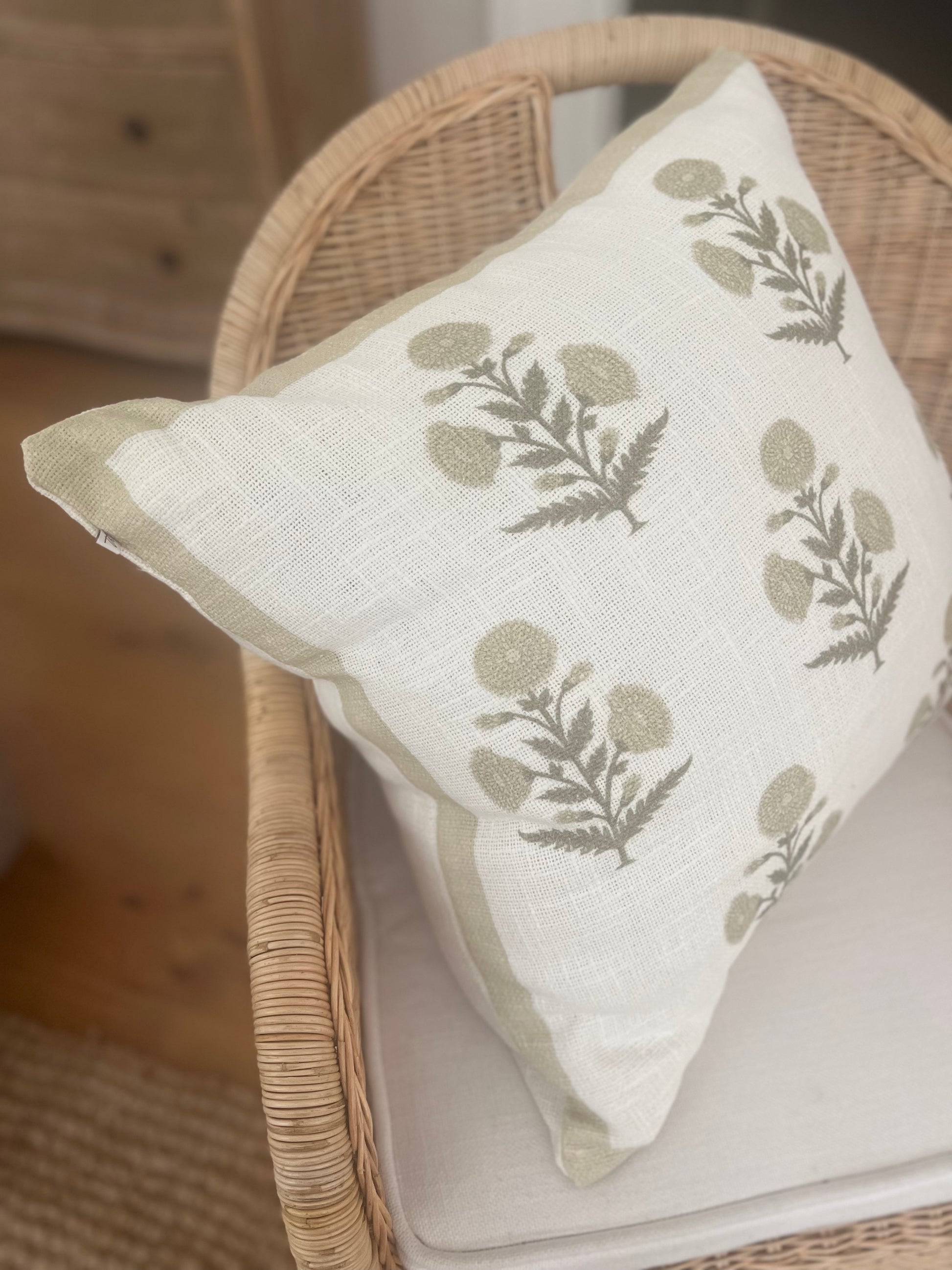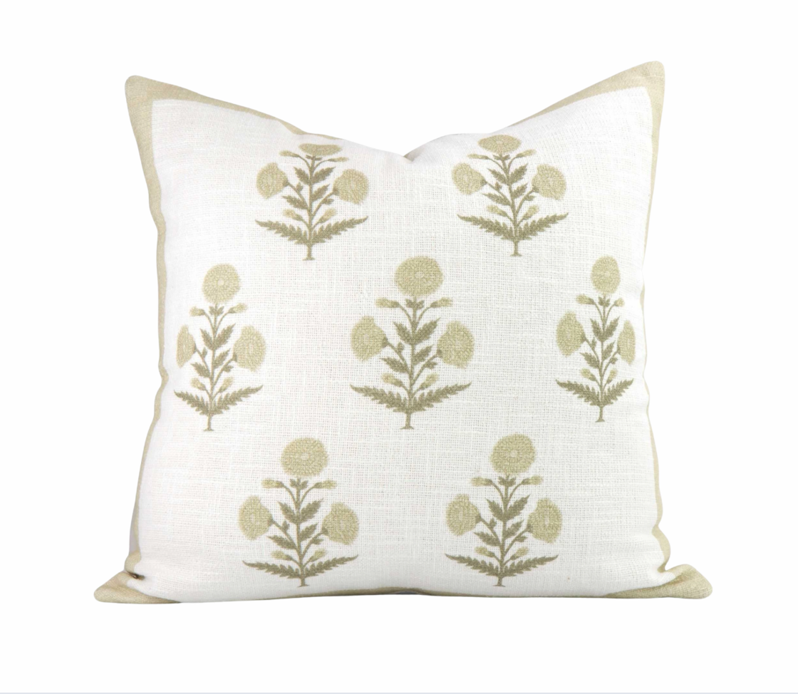 Introducing our Seraphina Block Print Pillow Cover from Tajik Home. Inspired by vintage Indian designs, this meticulously crafted piece seamlessly blends traditional elegance with modern flair. Each intricate detail is carefully curated, drawing from historic art found in old wallpaper books, vintage homes, and antique marketplaces. Tajik Home has infused vibrant, modern colors to breathe new life into classic patterns, ensuring a perfect blend of timeless charm and contemporary style. Featuring a sage and white floral print, it evokes serene coastal vibes and effortlessly complements our coastal collection. Its versatile design allows for effortless mixing, matching, and layering with other pillows from our collection, empowering you to create your own unique aesthetic with ease.
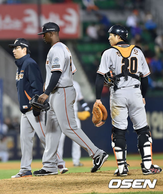 21일 오후 서울 잠실야구장에서 열린 '2015 타이어뱅크 KBO 리그' LG 트윈스와 한화 이글스의 경기, 6회말 2사 주자 1,2루 LG 정성훈 타석에서 한화 선발 유먼이 마운드를 내려가고 있다.
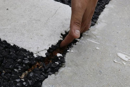 Xuất hiện nhiều vết nứt lớn ở đầu các cây cầu bị lún. Ảnh: Trần Thường
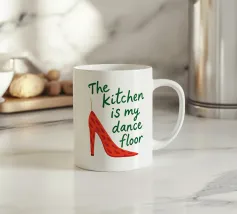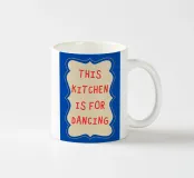 Ein fröhliches Schild verkündet in fetten roten Buchstaben auf beigem Grund "Diese Küche ist zum Tanzen da". Das verspielte Design suggeriert eine lebendige und einladende Atmosphäre, die perfekt für fröhliche Aktivitäten ist.
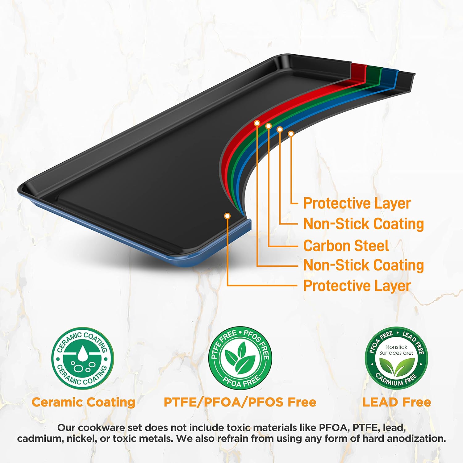 - NON-STICK COATING: Made from durable & BPA-free carbon steel metal & it’s shielded w/ non-stick coating that eliminates the need for butter, oil, or cooking spray. Also for quick & effortless food release plus it does not emit any weird odor or smell
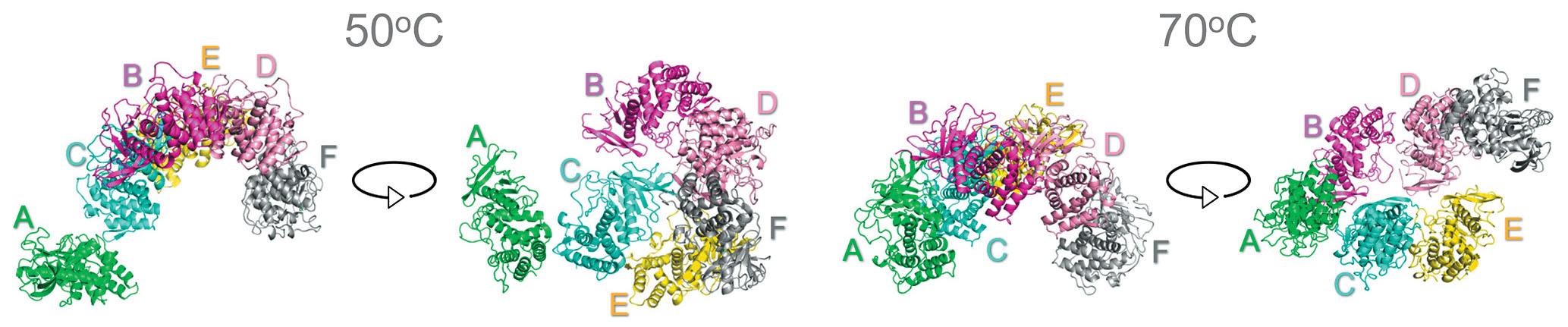 Рис. 4. Наименее стабильные гексамеры в конце моделирования (100 нс) в двух проекциях при 50 (слева) и 70°C (справа). Молекулы термолизина не отрываются от гексамера даже в ходе МД самых неустойчивых структур.
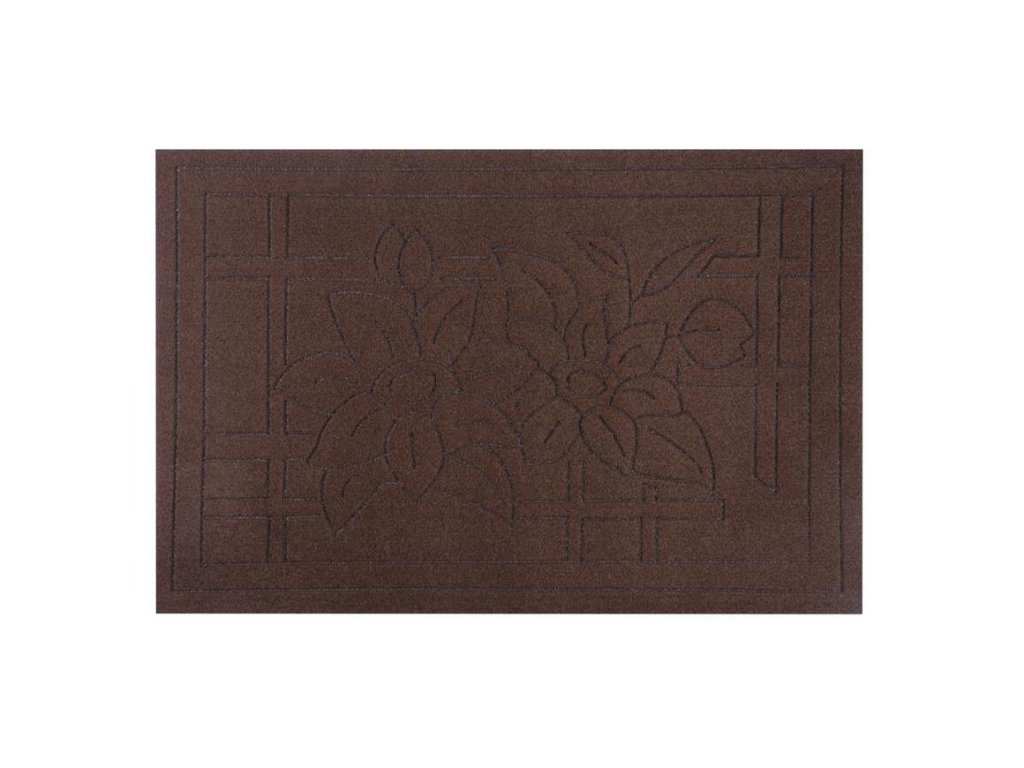 Rohožka MagicHome na čistenie obuvi pri vchodových dverách. Má jemne drsný povrch, vďaka čomu dokáže očistiť obuv bez väčšej námahy. Pekný motív s kvetom v hnedej farbe. Použitie: exteriér. Rozmery: 40x60 cm.
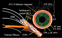 Both nonpenetrating procedures are designed to decrease outflow resistance not eliminate it, as may uncontrollably occur with standard filtration surgery. In generic terms, NPFS consists of fashioning dual scleral flaps (Fig. 20) with removal of the deep flap (deep sclerectomy) leaving an internal limiting membrane and an intrascleral aqueous reservoir. More specifically, the intrascleral space and ostia of Schlemm's canal are filled with viscoelastic in viscocanalostomy or a collagen wick placed in the intrascleral space as in DSCI.104 Prospective studies comparing DSVC to standard filtration surgery reveal greater pressure reduction with trabeculectomy.105 Thus, patients with severe glaucomatous damage, especially exposed to long-term topical therapy, are more likely to benefit from standard filtration techniques. Another study comparing deep sclerectomy with and without collagen implant to trabeculectomy found comparable results between the procedures.106 How does NPFS fit into our incisional options? At this time, it is difficult to sort out the best candidates for NPFS. Each new case adds a piece to the puzzle of how these procedures truly work and who will most likely benefit. Results from a black African population are encouraging107 but have not been reproduced in other patient populations. Can we directly extrapolate the same technique to different populations with dissimilar types of glaucoma, years of topical therapy, and variable outflow pathology? A recent study reveals NPFS in patients with primary open-angle glaucoma was more effective in patients without prior medical therapy than in patients on years of topical medical therapy.108 Glaucoma medications may cause changes in the conjunctiva and episcleral that lead to failure in any type of filtration procedure,109 possibly more detrimental for nonpenetrating procedures. The learning curve for NPFS procedures is very steep, much like trabeculotomy in an infant eye. A review of outflow anatomy is crucial before nonpenetrating procedures (Fig. 21). DSCI and DSVC are headed down two competing pathways, one with internal filtration and the other with external filtration. External filtration as seen in DSCI still produces a bleb. Bleb formation with viscocanalostomy is minimal although microcysts may form above the 300-micron scleral flap. The proposed mechanisms of IOP reduction for NPFS are seen in Figure 22. Direct intraoperative evidence for enhancement of outflow facility can be seen during DSVC. Observation of this phenomenon has caused a renaissance in outflow surgery (Fig. 23). Patient selection for NPFS is more complicated than for standard trabeculectomy. Patients with significant complications from prior trabeculectomy or at high risk for failure may be candidates for NPFS. The problems with nonpenetrating procedures are unique and require a completely different set of preoperative, intraoperative, and postoperative thought processes and skills compared with trabeculectomy or trabeculotomy. Preoperative Considerations
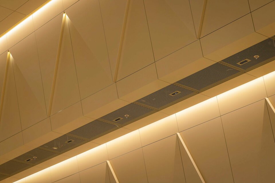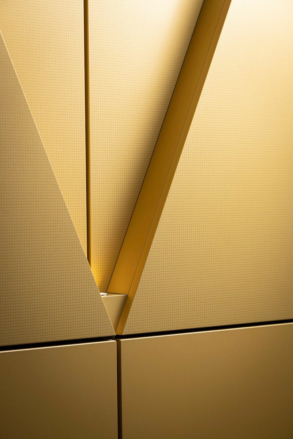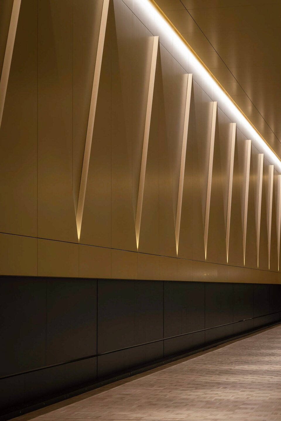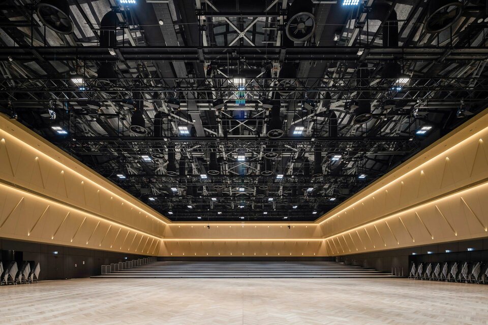 Lindner's contribution to the conversion of the event venue on the banks of the Rhine included wall and ceiling cladding as well as doors. The congress hall is now fitted with flame-retardant acoustic wall cladding with integrated T30 RS doors and integrated folding sliding doors up to a height of 3.30 metres. From a height of 3.30 metres, non-combustible COMPlacq acoustic wall cladding was installed, which is also the visual highlight of the building. The wall cladding in gold and anthracite, made of wood and aluminium, refers to the name of the Rheingoldhalle with diamond-shaped reliefs and golden mosaics. The ten-storey retractable grandstand and the open ceiling area complete the conversion work.
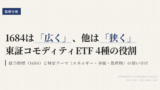 1684は、原油や金を単品で持つ商品ではない。コモディティ全体の動きに一括で触れたいときに使う器であり、株式や債券の代わりというより、ポートフォリオの横に置く補助輪として読むほうが実態に合う。まずはスペックを固めたほうが早い。
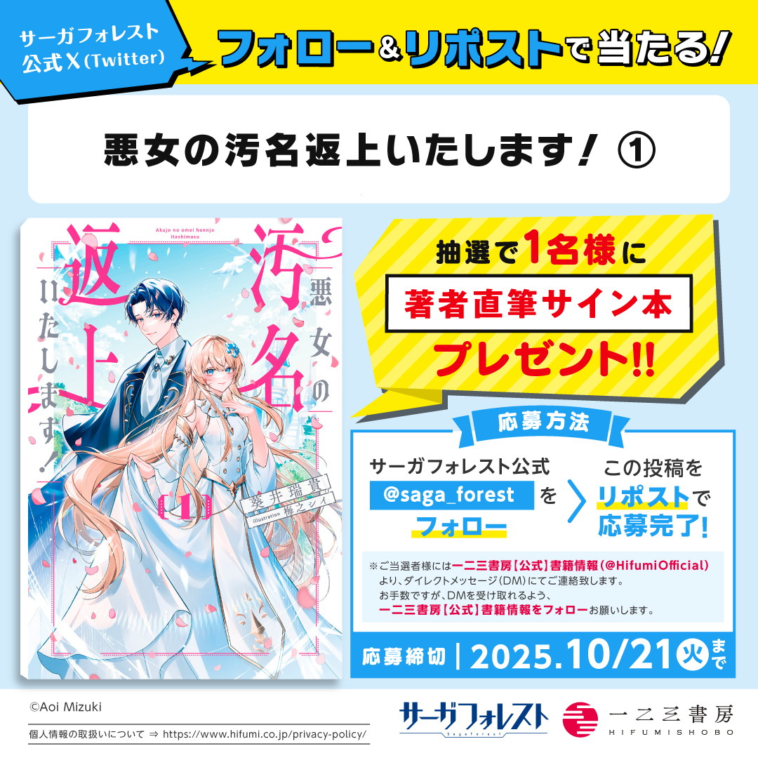 // #サーガフォレスト 10/15発売の新刊が フォロー&リポストで当たる!! \\ 『#悪女の汚名返上いたします!1』 葵井瑞貴 先生の直筆サイン本を 1名様に #プレゼント! ①@saga_forest をフォロー ②この投稿をリポストで応募完了 〆切:10/21(火)23:59✨
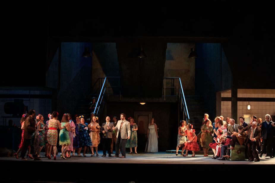 Walter Sutcliffe ne joue pourtant pas tant que cela sur l'opposition entre un idéal de pureté concrétisé par les montagnes espagnoles (retranscrit également par un solo magnifique de clarinette en début et fin de prologue), et la perversion des basses terres : les sommets pyrénéens sont vite souillés par un sac plastique alors que les mauvaises herbes envahissent le moulin en béton. Le metteur en scène choisit plutôt de mettre l'accent sur notre volonté à vouloir implacablement contrôler le monde, la nature comme les hommes. Cette mise en scène un brin austère porte toutefois bien le drame et les sentiments qui composent cette histoire : la fierté, la jalousie, la soumission face à un diktat, la révolte, et enfin, évidemment, la puissance de l'amour. Pour les décors, tout en sobriété, Kaspar Glarner ne manque pas d'ingéniosité en offrant une multitude de possibilités de déplacements et de positionnements du chœur comme des solistes, entre cette montagne vierge en hauteur que seul un cadre nous laisse apercevoir, et ce moulin en béton où la pièce principale est accessible par quatre escaliers savamment disposés. Les costumes renforcent le contexte réaliste et populaire de l'intrigue et sont dictés par des fautes de goût nécessaires (le costume de cérémonie de Pedro doit être évidemment particulièrement hideux, puisque celui-ci le refuse), alors que les couleurs, inspirées de l'univers cinématographique d'Almodóvar, restent en cohérence avec l'Espagne et dynamisent la vision d'ensemble dans un décor plutôt sombre.
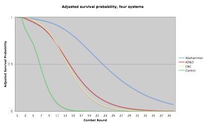 The probability of surviving a single round, and the cumulative probability of surviving multiple rounds, are calculated here based on the underlying combat mechanic of three systems – Warhammer 2nd edition, D&D 3.5, and my own Compromise and Conceit modifications of the d20 system. All three are compared with a putative “control” system in which the mechanics are not specified, but are assumed to result in a 50% probability of a hit in any given round, and death after 3 successful hits. The chief conclusion for each system is the number of rounds required to fight before reaching a 50% chance of death, referred to hereafter as the “median survival time,” though strictly speaking this is not a median survival time. In practice of course time to death varies according to the good or bad luck of the player, and how much they lie about their rolls to the GM, so survival time should here be assumed to be roughly representative of a long-run probability. The methods presented here also use various simplifications and approximations, specifically ignoring the role of criticals, fate points, and the death spiral in the Compromise and Conceit system, which makes the order of hits important for survivability.

WHAT THE TASK ASKS:
Once the line with "Xuất hiện nhiều" is found above, transcribe each line from it through the line with "Рис. 4. Наименее", exactly, and omit the pictures.

RESPONSE BELOW:
 Xuất hiện nhiều vết nứt lớn ở đầu các cây cầu bị lún. Ảnh: Trần Thường
 Ein fröhliches Schild verkündet in fetten roten Buchstaben auf beigem Grund "Diese Küche ist zum Tanzen da". Das verspielte Design suggeriert eine lebendige und einladende Atmosphäre, die perfekt für fröhliche Aktivitäten ist.
 - NON-STICK COATING: Made from durable & BPA-free carbon steel metal & it’s shielded w/ non-stick coating that eliminates the need for butter, oil, or cooking spray. Also for quick & effortless food release plus it does not emit any weird odor or smell
 Рис. 4. Наименее стабильные гексамеры в конце моделирования (100 нс) в двух проекциях при 50 (слева) и 70°C (справа). Молекулы термолизина не отрываются от гексамера даже в ходе МД самых неустойчивых структур.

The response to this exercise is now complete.